N-cycling bacteria were unaffected by soil type or fire severity

In contrast to the large impact of moisture on fungal communities, there was no significant impact of moisture (or fire severity) on two types of N-cycling bacterial communities. This concurs with results for burned Douglas-fir pine forests in southern British Columbia, where fire affected ECM community structure, but not the structure of denitrifying or N-fixing bacterial communities (Kennedy and Egger 2010). Similarly, Štursová et al. (2014) found that insect infestation affected forest soil fungal communities more than bacterial communities. The few studies that have been conducted specifically on root-associated N-cycling communities in forests have noted low diversity of nitrogen-fixing bacteria (Burke et al. 2006; Izumi et al. 2006), which is consistent with our results. However, the inability of lodgepole pine to establish on unburned control plots may have prevented our ability to identify an effect of fire severity (at any intensity) on N-cycling bacterial communities. It is also possible that the differences between the fire severities tested were too small to be detected in community analyses that were used. This is supported by the results of Yeager et al. (2005), which showed few significant differences between nitrogen-fixing and ammonia-oxidizing bacterial profiles from moderately and severely-burned mixed conifer forest soils. We did note significant correlations between pH and C:N ratio and N-fixing communities, which was consistent with previous reports that changes in C:N ratio (Deslippe et al. 2005; Coelho et al. 2008) and pH (Hayden et al. 2010) can influence soil nifH profiles.

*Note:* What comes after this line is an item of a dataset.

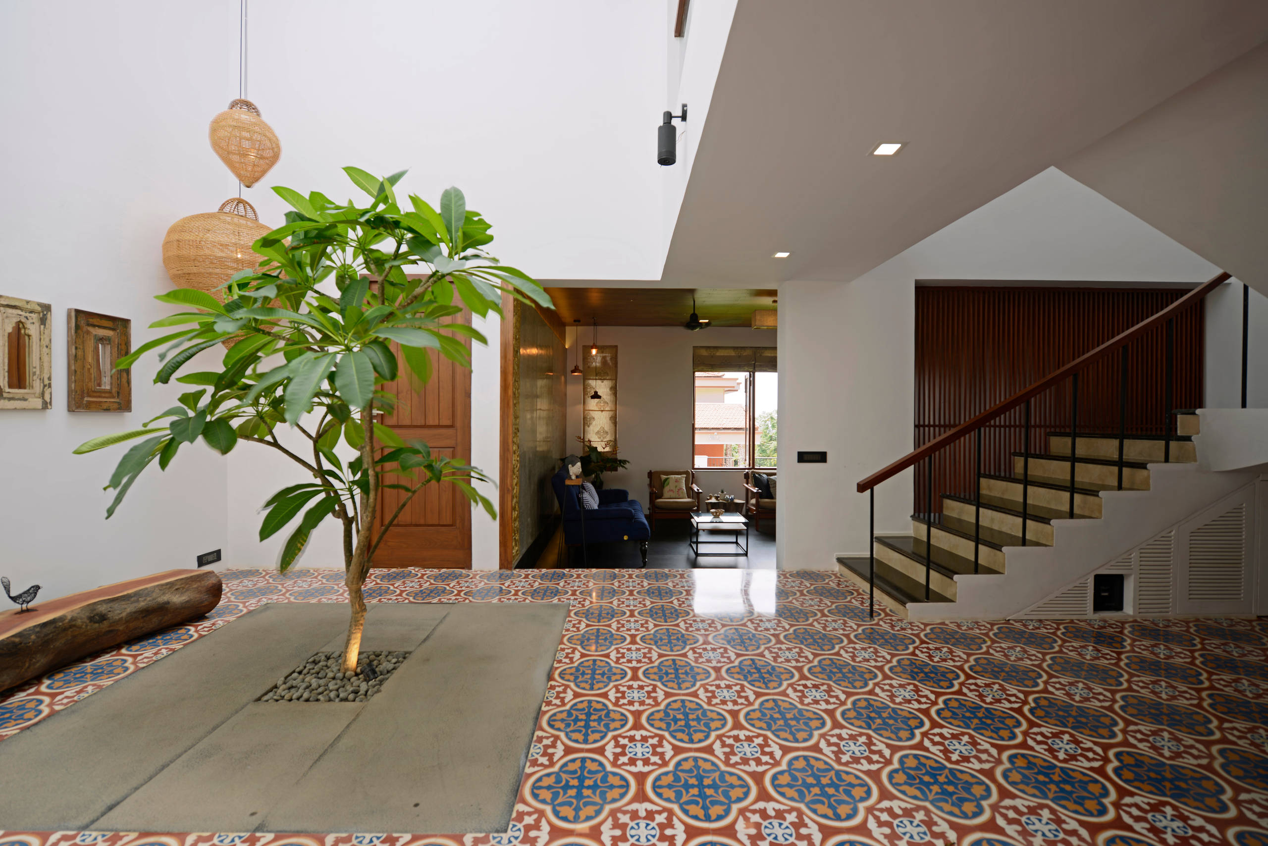 A modern-meets-rustic interpretation of the traditional courtyard, this space is stunning in its mix of brightly patterned cement tiles, a frangipani tree set in a granite bed, and a tree trunk that serves as a seat.

A lack of response to soil type and fire severity by N-cycling bacteria may also indicate greater resilience in bacterial compared to fungal communities. A review of soil microbe responses to fire found that fire reduced fungal biomass more than overall microbial biomass (Dooley and Treseder 2011). Similarly, fungal communities (especially mycorrhizal fungi) were shown to be more sensitive than bacterial communities to tree harvesting disturbance (Hartmann et al. 2012).

Conclusions

Our most striking finding was that soil type influenced ECM community much more than fire severity. Similarly, results showed that significant differences in soil chemistry parameters were due to soil type rather than to fire severity, leading us to conclude that local soil chemical variables were controlling ECM community structure. In particular, moisture appeared to be the most important influence on both soil chemistry and ECM composition, with the “signature” of moisture remaining pronounced even after consecutive landscape disturbances. Neither a major insect outbreak nor wildfire could eliminate this signature.

In summary, our results indicate that local soil conditions had a greater impact than fire severity on ECM communities on the roots of regenerating seedlings in post-beetle forests. This has implications for forest management in that it may be more important to consider soil chemistry and local soil moisture regime than fire history of sites selected for “restoration” (Burton 2006) through planting of seedlings.